**TASK OBJECTIVE:**
The required output is the stretch from the line containing "7.1中国电沉积铜箔产量、收入和增长率(2014-2019)" through the line containing "4️⃣取适量45g/个面团,擀成圆形,将" in the records below, unaltered and with no pictures.

**SUPPLIED INFORMATION:**
↓↓↓

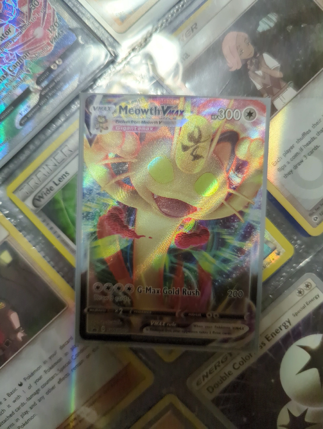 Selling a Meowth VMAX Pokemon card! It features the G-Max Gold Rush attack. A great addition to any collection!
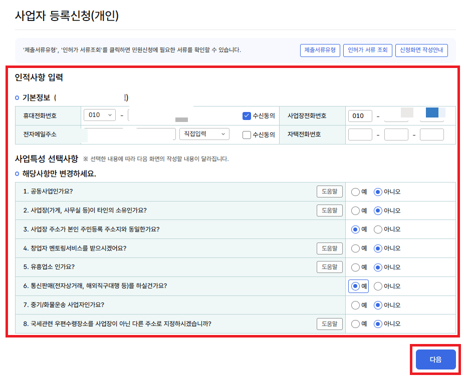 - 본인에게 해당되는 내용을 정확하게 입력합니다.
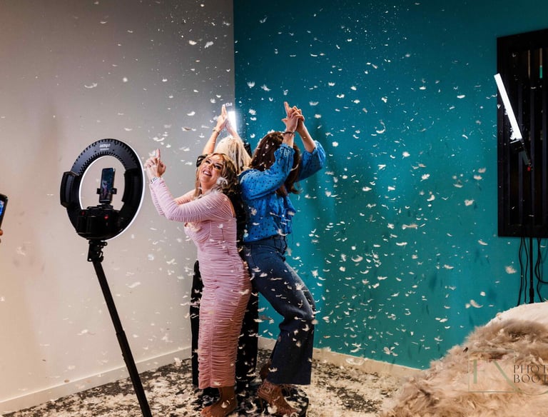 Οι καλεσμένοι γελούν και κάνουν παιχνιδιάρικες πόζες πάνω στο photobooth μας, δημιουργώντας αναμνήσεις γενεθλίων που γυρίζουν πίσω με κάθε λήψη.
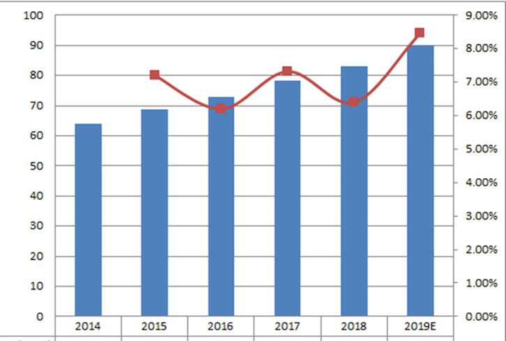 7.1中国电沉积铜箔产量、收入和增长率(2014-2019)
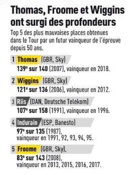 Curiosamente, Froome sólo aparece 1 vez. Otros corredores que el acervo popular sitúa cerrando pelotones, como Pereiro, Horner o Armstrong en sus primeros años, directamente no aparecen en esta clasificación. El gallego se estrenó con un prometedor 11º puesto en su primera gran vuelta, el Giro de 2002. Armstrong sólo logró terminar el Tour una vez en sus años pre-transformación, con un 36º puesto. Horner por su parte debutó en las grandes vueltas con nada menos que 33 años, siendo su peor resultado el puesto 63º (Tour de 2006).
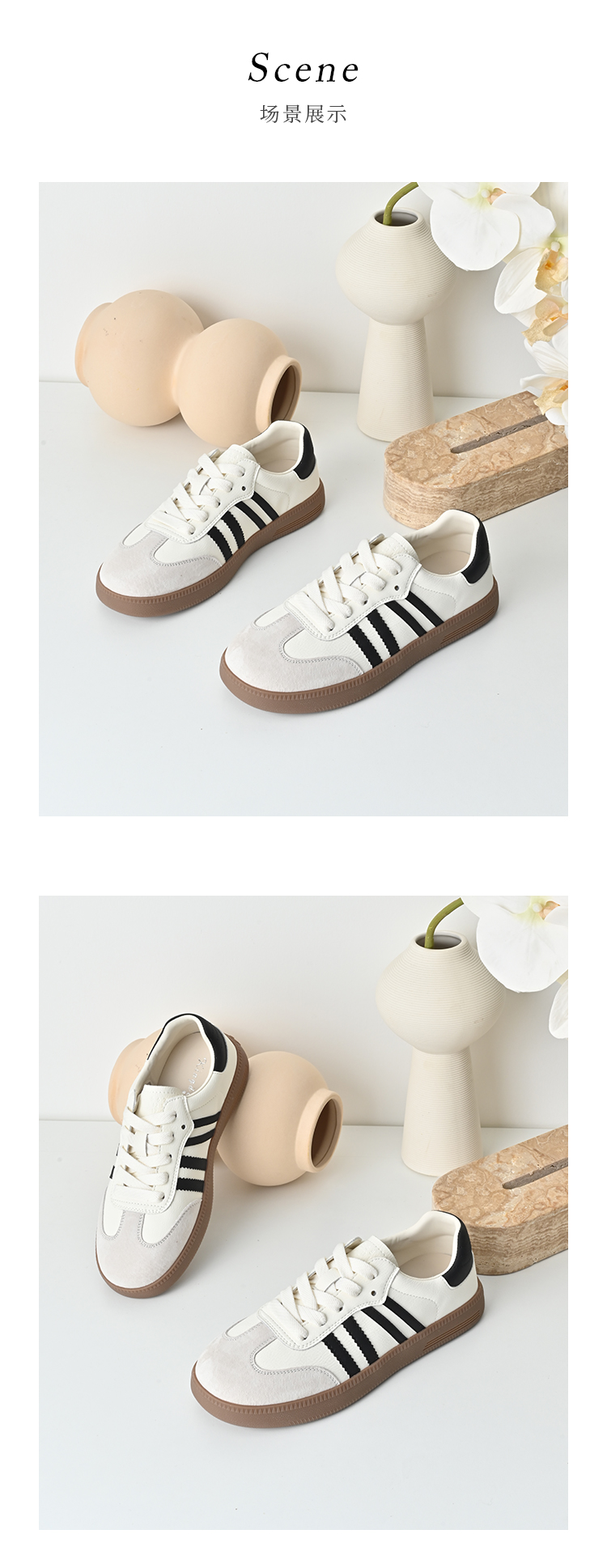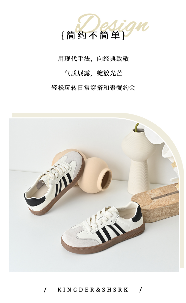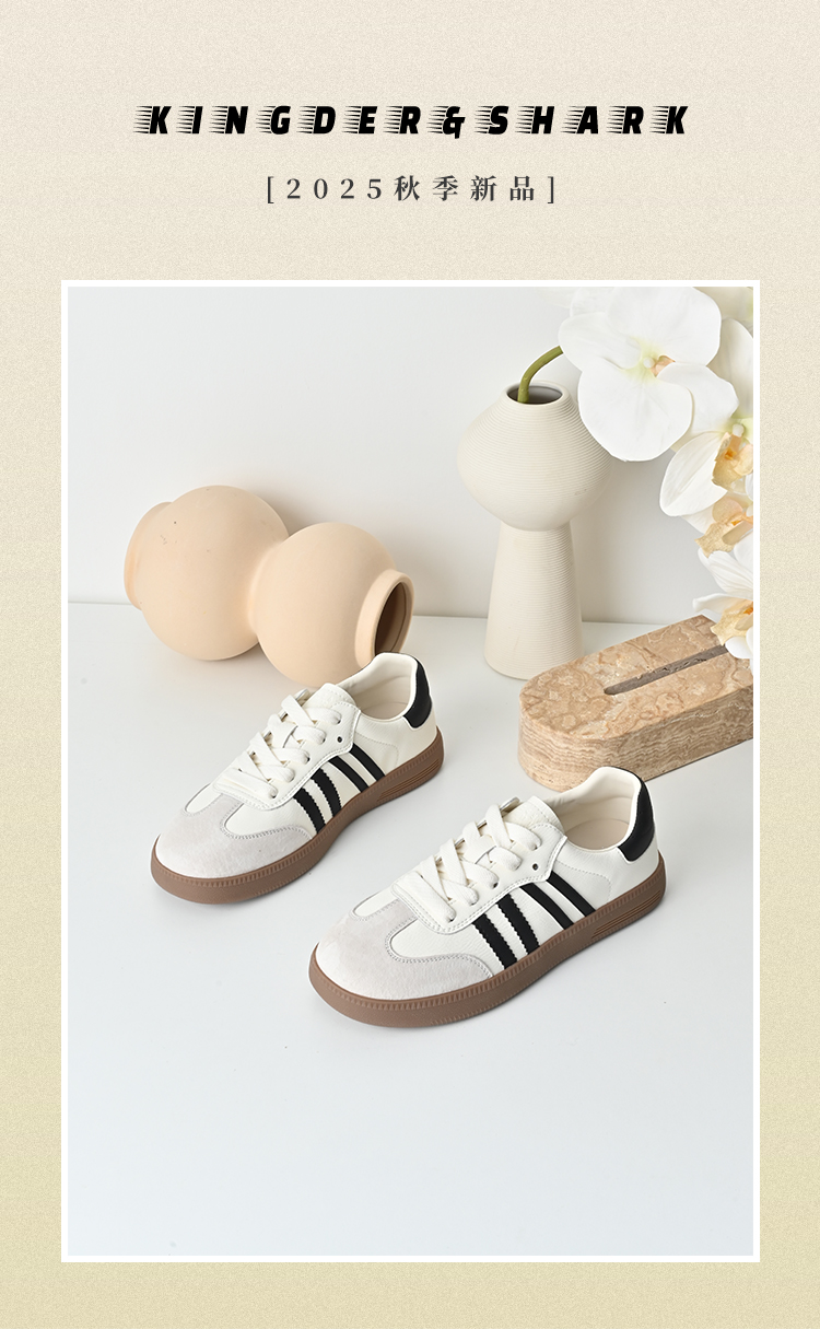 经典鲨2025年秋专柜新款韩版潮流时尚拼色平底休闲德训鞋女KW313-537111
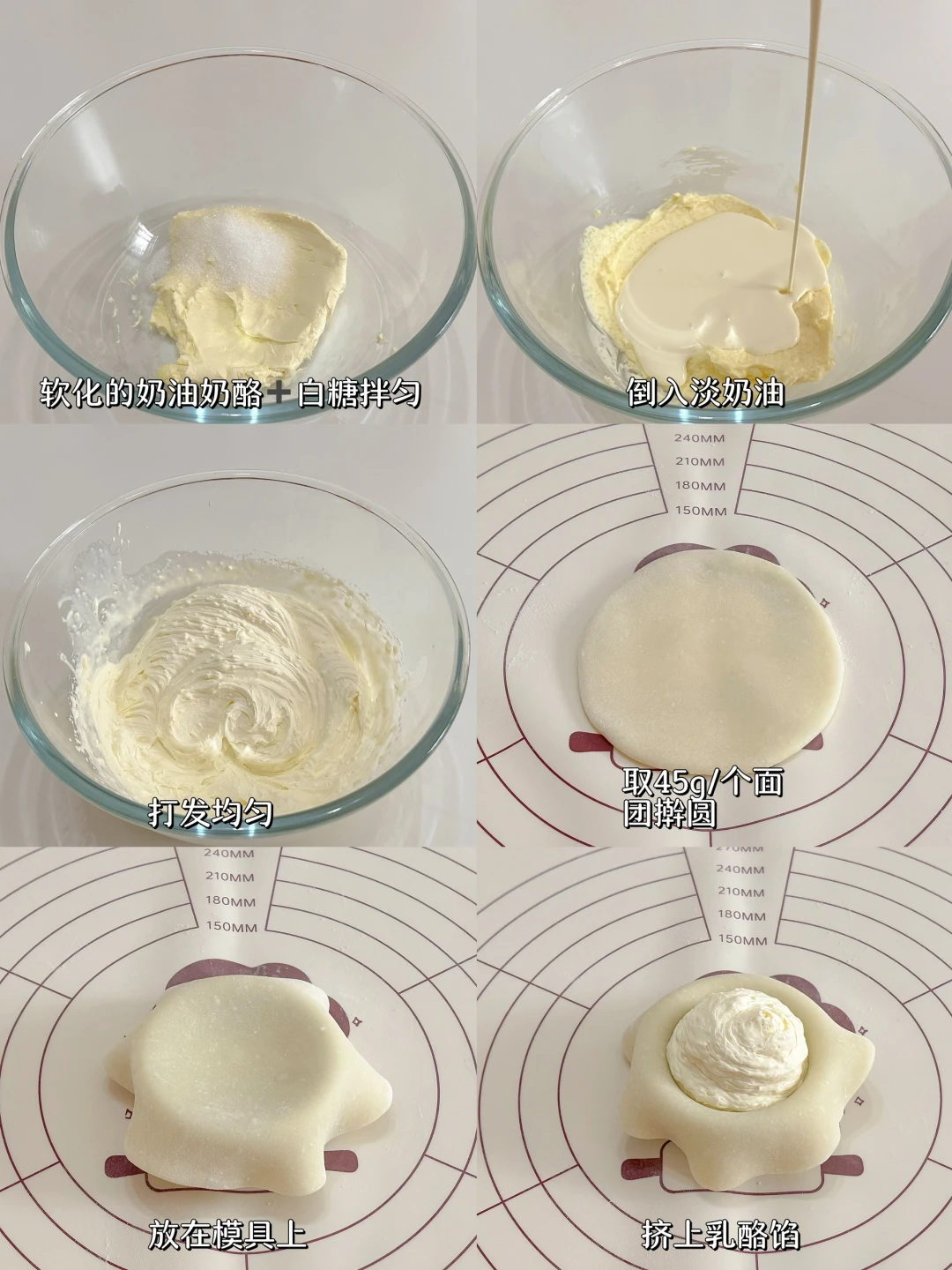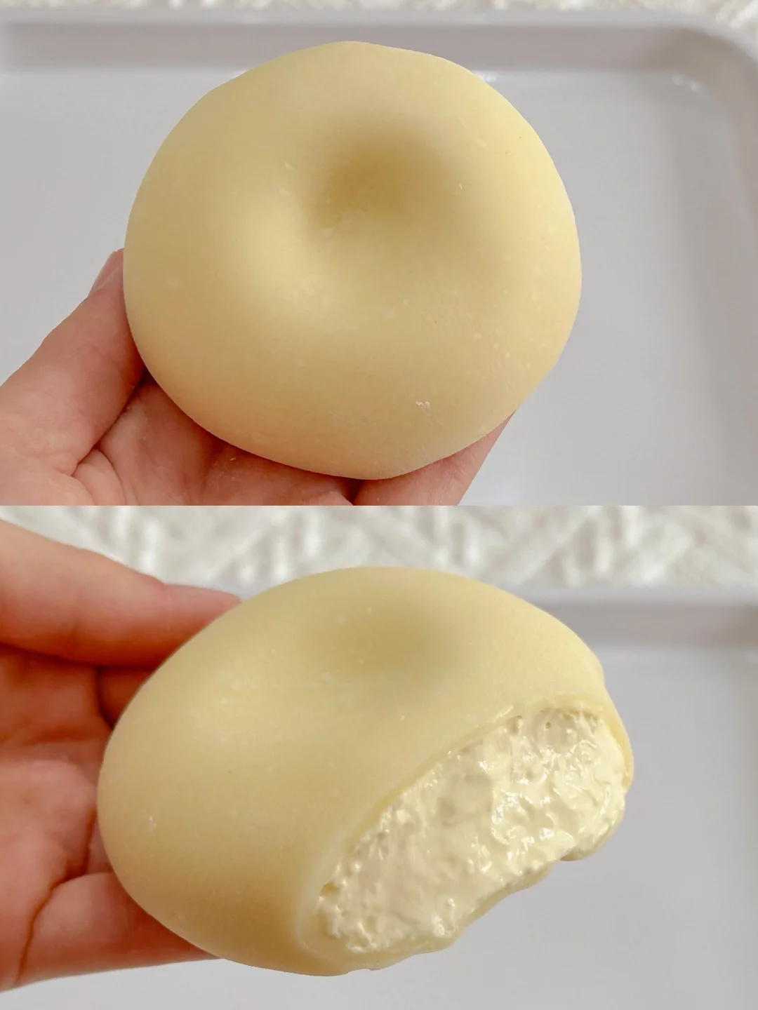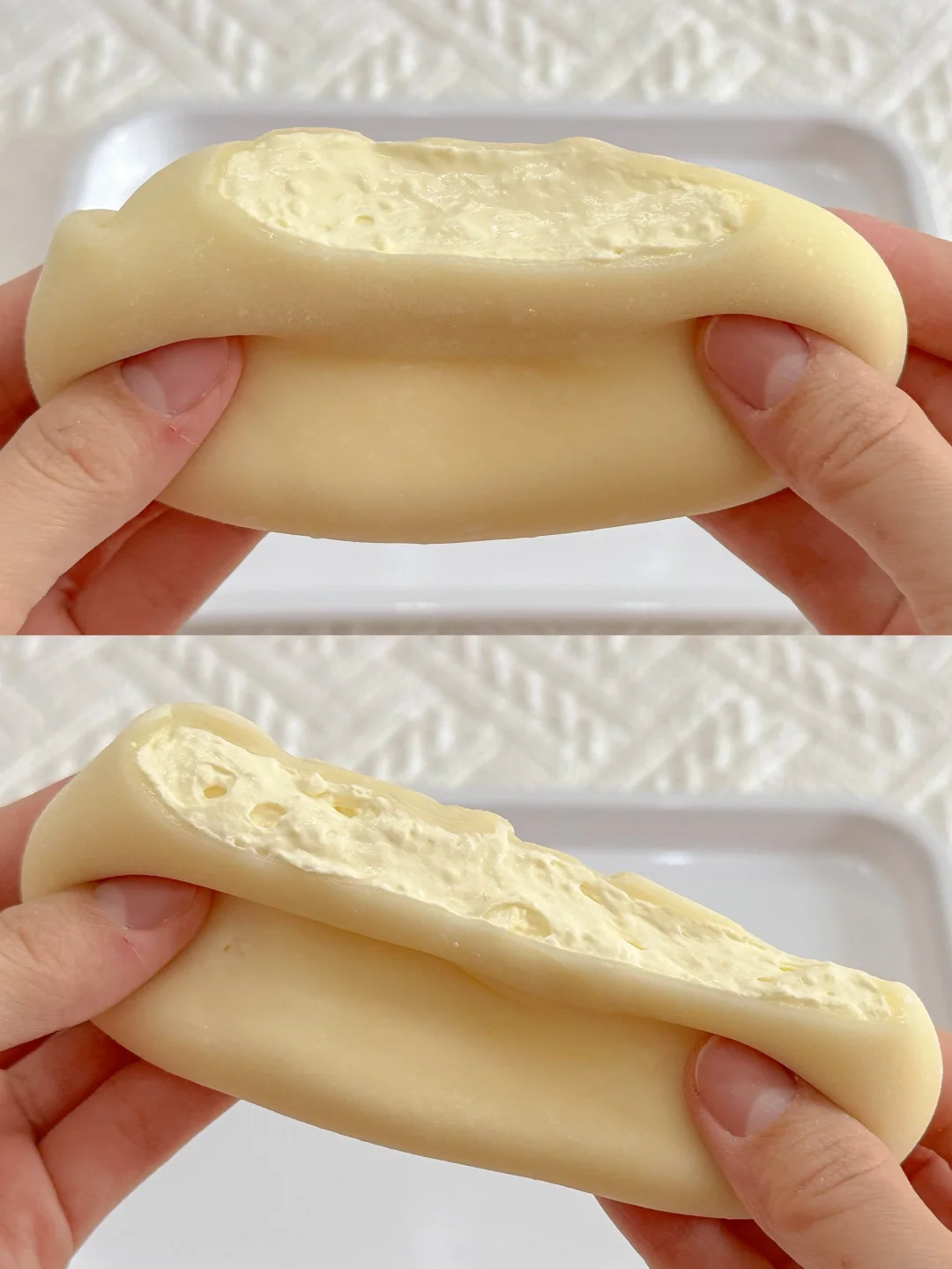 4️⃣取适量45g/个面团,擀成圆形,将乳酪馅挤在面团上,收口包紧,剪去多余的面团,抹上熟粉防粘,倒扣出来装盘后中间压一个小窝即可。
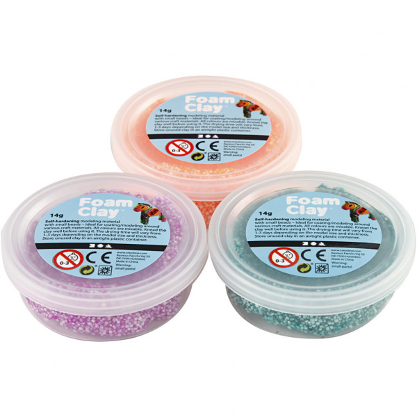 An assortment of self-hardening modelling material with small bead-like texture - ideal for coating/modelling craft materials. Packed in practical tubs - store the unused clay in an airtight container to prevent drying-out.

↑↑↑

**WRITTEN RESPONSE:**
 7.1中国电沉积铜箔产量、收入和增长率(2014-2019)
 Curiosamente, Froome sólo aparece 1 vez. Otros corredores que el acervo popular sitúa cerrando pelotones, como Pereiro, Horner o Armstrong en sus primeros años, directamente no aparecen en esta clasificación. El gallego se estrenó con un prometedor 11º puesto en su primera gran vuelta, el Giro de 2002. Armstrong sólo logró terminar el Tour una vez en sus años pre-transformación, con un 36º puesto. Horner por su parte debutó en las grandes vueltas con nada menos que 33 años, siendo su peor resultado el puesto 63º (Tour de 2006).
 经典鲨2025年秋专柜新款韩版潮流时尚拼色平底休闲德训鞋女KW313-537111
 4️⃣取适量45g/个面团,擀成圆形,将乳酪馅挤在面团上,收口包紧,剪去多余的面团,抹上熟粉防粘,倒扣出来装盘后中间压一个小窝即可。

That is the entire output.